It is ironic that the previous comments have forgotten one of the very best sources. Search the web, especially sites devoted to that make and/or model.
I was very interested in a boat not too far from here and by using the Internet, learned that there was post compression, deck leaks, that the new engine didn't match the propeller, and that the sails were NDG. The seller knew all this but did not disclose it to the broker or to me -- at least that is what the broker said. So, apparently the plan was for me to negotiate an offer as if the boat was as advertised, spend several hundred dollars to discover the truth -- best case -- and then try to negotiate a more reasonable price.
I have two rules of thumb when buying used cars -- that I do a lot-- and I think that they apply. The first is that the seller is the most important variable. If you can believe in the seller (previous owner), then 90% of your problems disappear. Second, no one sells a vehicle that they are perfectly satisfied with. That would be ridiculous. If you can identify the straw that broke the camel's back, then you can make a very reasonable purchase. If you can't, then it is still important to rely on your assessment of the seller. Sometimes, it was the last repair they had to pay for -- that is terrific.

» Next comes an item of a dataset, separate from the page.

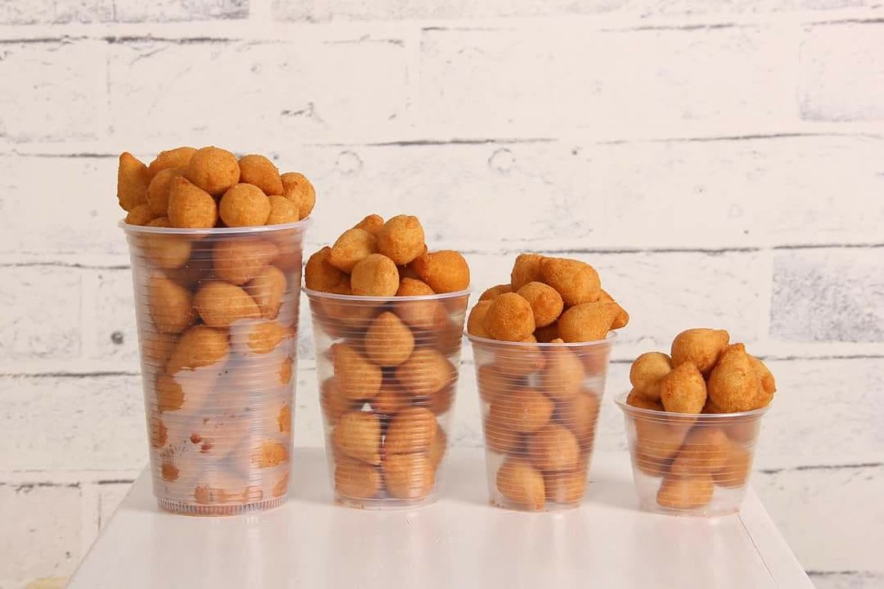 Salgado de Mandioca (qtde cento)Massa leve e macia de mandioca com recheio cremoso e sabor irresistível.R$ 100,00

In my case, I was able to force the seller to divulge more of what they knew, including sharing the previous survey. I did not buy the boat, but it was purely a difference of opinion about reasonable price.
There are many protections in CA for home buyers, especially regarding disclosure of known problems. There ought to be something similar for boats and cars -- in my opinion. At a minimum, do Internet due diligence and see what you can find.